There is often a lot of confusion from people using MP4Box to create MP4 files or DASH content with a specific aspect ratio. This confusion often comes from badly-chosen acronyms in the MP4/DASH standards. In this post, we clarify what MP4Box uses and does.
First, there is an acronym mess! The acronym PAR can sometimes refer to Pixel Aspect Ratio (aka Sample Aspect Ratio, SAR) or Picture Aspect Ratio (aka Display Aspect Ratio, DAR). Unfortunately SAR also refers sometimes to Storage Aspect Ratio…
Regarding the input to MP4Box, it is possible when encoding a video stream to achieve better compression by not encoding all input pixels, for example by sub-sampling in one direction (horizontal, or vertical), often the horizontal one. This is illustrated in the following figure.
A decoder will then do the opposite process and will stretch the decoded pixels on the display. In this case, one pixel in the encoded image will correspond to two pixels in the displayed image. This is what happens in anamorphic video.
Now, let’s take an example. Consider an input image made of 200×100 pixels, encoded with the above configuration, i.e. with sub-sampling by a factor of 2 in the horizontal direction. When encoding using H.264|AVC or HEVC will produce a bitstream with the following characteristics:
- SPS dimensions: 100×100
- VUI message with desired sample aspect ratio 2:1.

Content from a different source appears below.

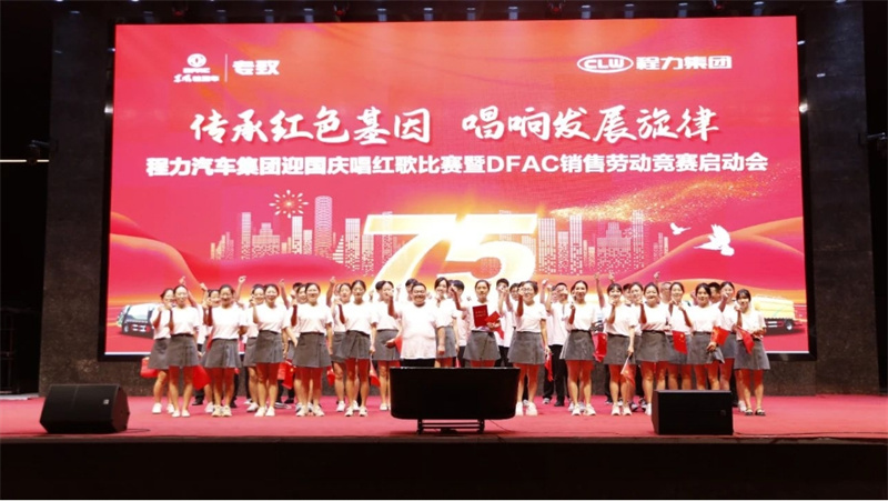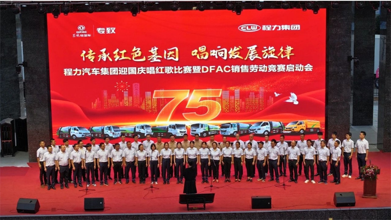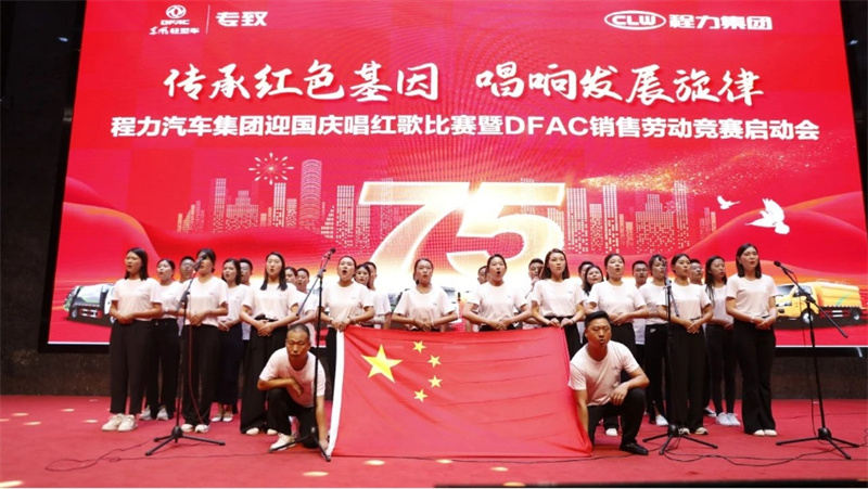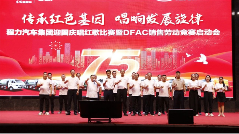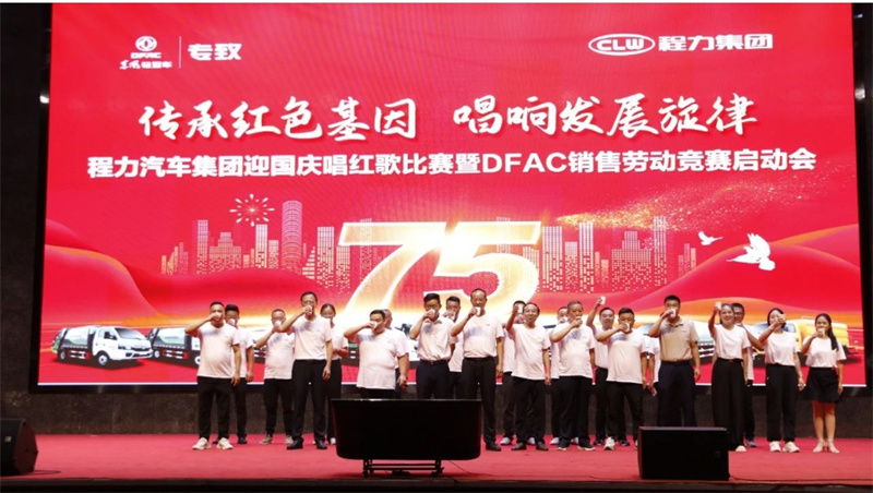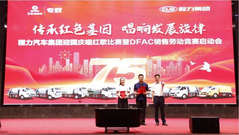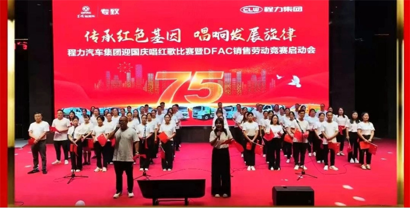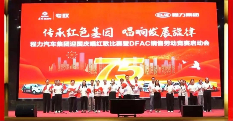 ,9月29日,為慶祝中華人民共和國建國75周年,程力汽車集團攜手東風股份有限公司,在隨州市曾都區程力汽車工業園文化廣場程力大舞臺,隆重舉行迎國慶唱紅歌比賽暨DFAC銷售勞動競賽啟動會,

Upon importing such bitstream, MP4Box will produce an MP4 file with the following characteristics:
- stsd: width: 100 / height: 100
- pasp box: hSpacing: 2 / vSpacing: 1
- track header: width: 200/ height: 100
Note that the same effect can be obtained, without encoding the video, by passing the parameter ‘par’ upon adding the video stream to the MP4 file.
MP4Box -add file.264:par=2:1 file.mp4
When DASH-ing such file, MP4Box will produce a DASH Representation with the following characteristics:
- width = 100 / height = 100
- sar = 2:1
- par = 200:100